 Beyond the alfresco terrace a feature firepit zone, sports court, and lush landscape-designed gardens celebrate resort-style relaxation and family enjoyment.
--
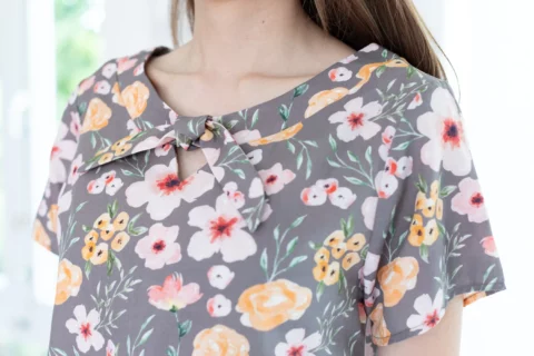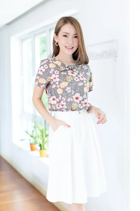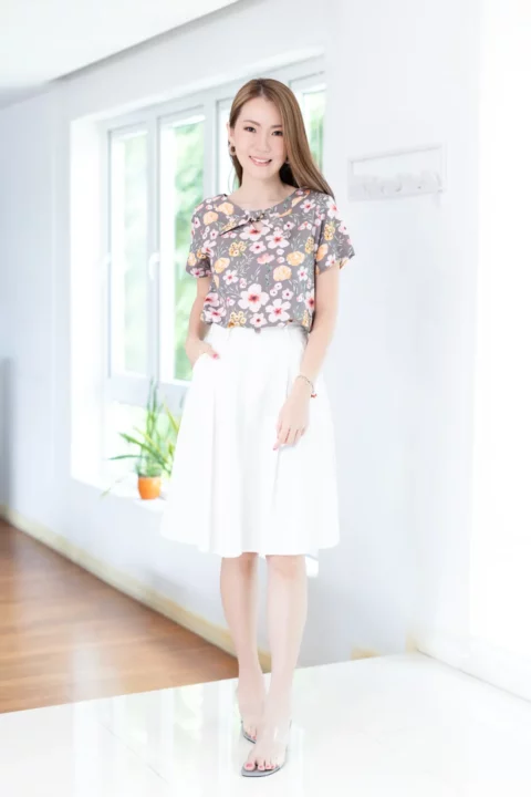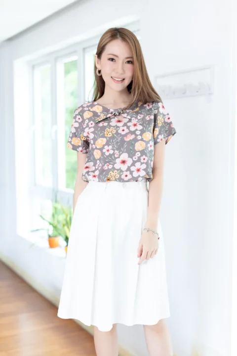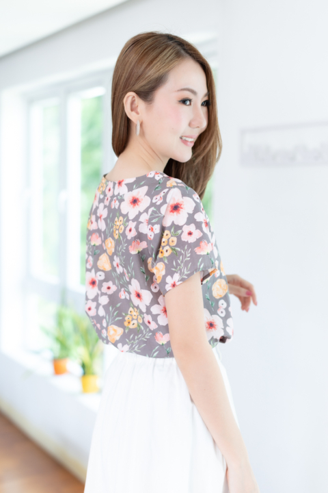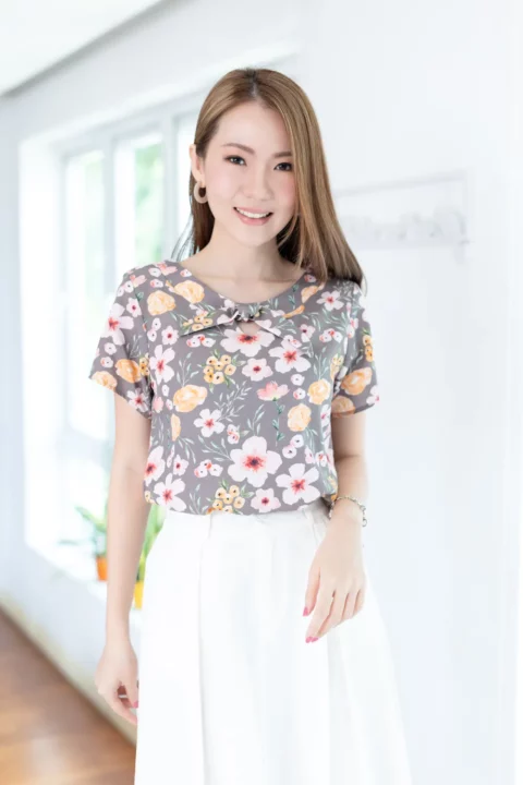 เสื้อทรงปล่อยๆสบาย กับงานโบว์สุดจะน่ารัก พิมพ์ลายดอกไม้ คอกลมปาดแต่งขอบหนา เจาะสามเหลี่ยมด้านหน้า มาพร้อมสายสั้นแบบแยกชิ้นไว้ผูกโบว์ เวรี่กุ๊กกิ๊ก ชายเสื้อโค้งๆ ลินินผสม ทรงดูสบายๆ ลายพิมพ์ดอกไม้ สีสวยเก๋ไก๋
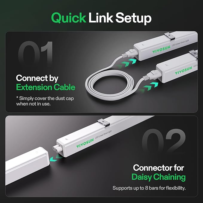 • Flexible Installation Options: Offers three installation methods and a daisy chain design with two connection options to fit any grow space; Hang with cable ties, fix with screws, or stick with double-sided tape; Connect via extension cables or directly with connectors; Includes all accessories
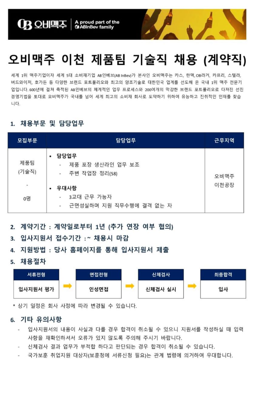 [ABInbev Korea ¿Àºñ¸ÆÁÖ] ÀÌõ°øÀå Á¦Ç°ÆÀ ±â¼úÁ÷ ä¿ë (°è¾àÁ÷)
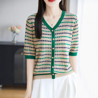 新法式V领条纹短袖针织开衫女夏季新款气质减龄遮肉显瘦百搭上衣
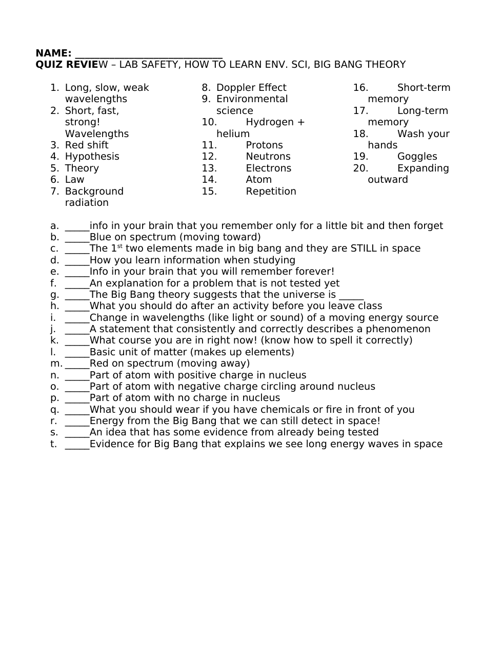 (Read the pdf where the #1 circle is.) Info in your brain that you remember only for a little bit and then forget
--
* [Your task]
Go back to the listing above and reproduce, exactly, the stretch from the line bearing "新法式V领条纹短袖针织开衫女夏季新款气质减龄遮肉显瘦百搭上衣" through the line bearing "(Read the pdf", without its pictures.

* [Answer to the exercise]
 新法式V领条纹短袖针织开衫女夏季新款气质减龄遮肉显瘦百搭上衣
 (Read the pdf where the #1 circle is.) Info in your brain that you remember only for a little bit and then forget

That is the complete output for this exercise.